A photographer for a local science and technology newspaper, Zhang's work focuses on the people in the news - officials and experts mostly.
But his real passion is snapping the everyday faces on his daily commute. His collection of 4,000, mostly close-up, portraits show beggars, drunks, vagrant singers, migrant workers, tourists, rubbish collectors and occasionally well-groomed women and fashion models.
His pictures can be amusing - a young couple sleeping on their feet; a woman subway worker picking up a lost sneaker on a platform - and dramatic, such as the moment plainclothes police arrested a thief on a carriage.
He views the subway as a mobile community, and his work displays the struggles of ordinary people who are often overlooked amid China's rapid urbanization. Most of his portraits are glum faces, such as a drunk lying across the seats, a sleepy white-collar worker in a crowd, and a dirty, sweating construction worker anxiously waiting for the next train.
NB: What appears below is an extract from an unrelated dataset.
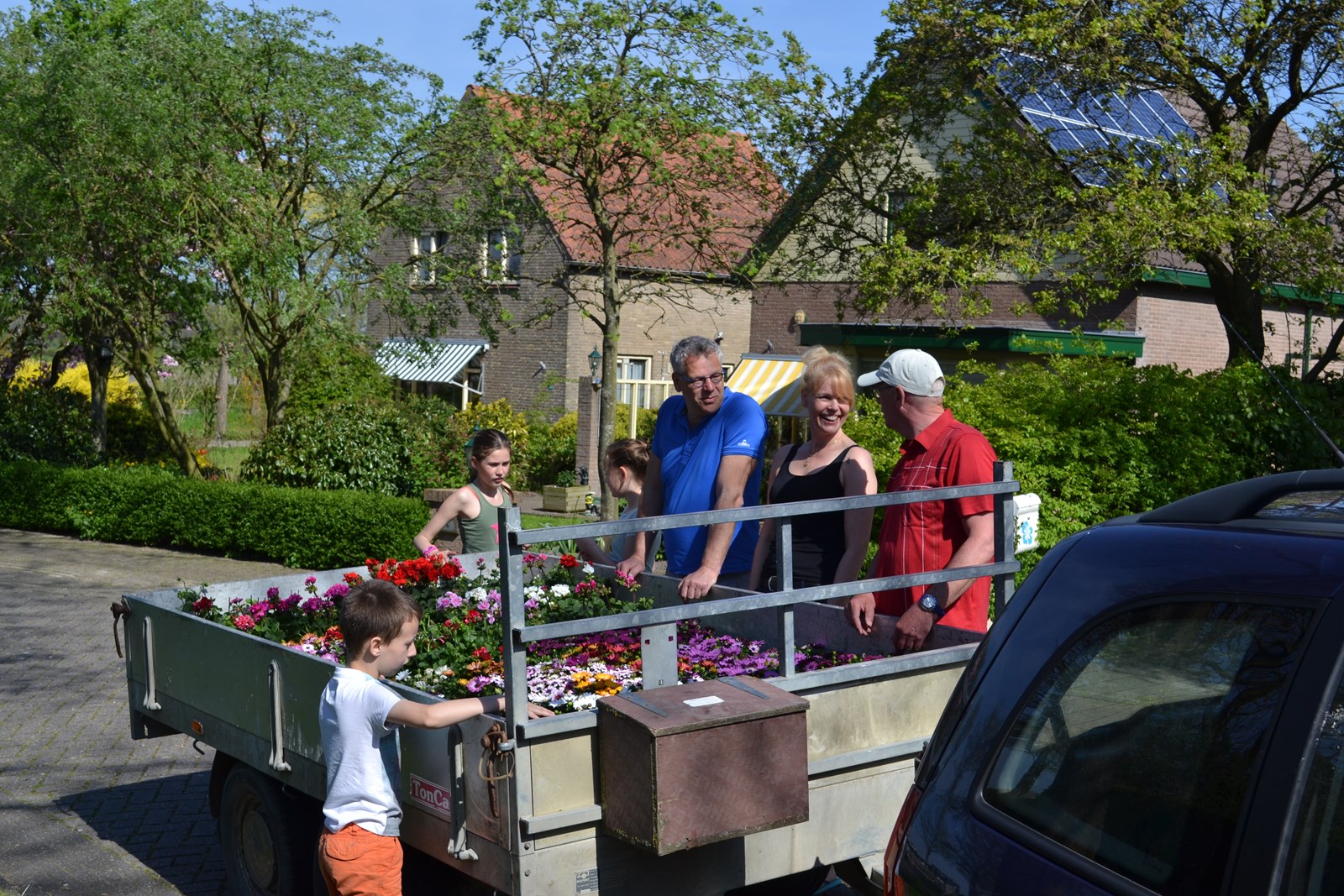 Afgelopen vrijdag 6 en zaterdag 7 mei hebben vrijwilligers van Dinto onder leiding van de sponsorcommissie van Dinto zich weer uitgesloofd om vele (hang)geraniums , fuchsia’s en Spaanse margrieten huis aan huis te verkopen. Aan het weer heeft het zeker niet gelegen, wat een prachtig weer was het.

"The subway is always loaded with the hardships of life", Zhang said.
Always ignored
Beijing's subway tentacles have grown longer and more complex in the past 10 years. The city had 114 kilometers of track over four subway lines before 2007, and now has 574 km over 18 lines carrying 12 million passengers daily.
Zhang first rode the subway in 1999, the year he arrived in Beijing to seek a better life. He grew up dreaming of becoming a great writer, inspired by the story of a Chinese soldier who became a famous author after living in Beijing.
Born in a village in Yongshou county, northwestern Shaanxi province, Zhang knew nothing of the high cost and fierce competition of city life. The university graduate supported himself working low-paid jobs, as a dishwasher, delivery man and advertising salesman. "Such people are always ignored," he said.
In 2000, he was employed as an editor at a small newspaper, where he developed an interest in photography. He spent his savings of 1,000 yuan ($145) on a simple camera.
His first fixation was landscapes and buildings, until one day he saw a senior photographer's album, which recorded the unique folk customs of his hometown. "I realized then that good photography depicted people and their lives, rather than just scenery."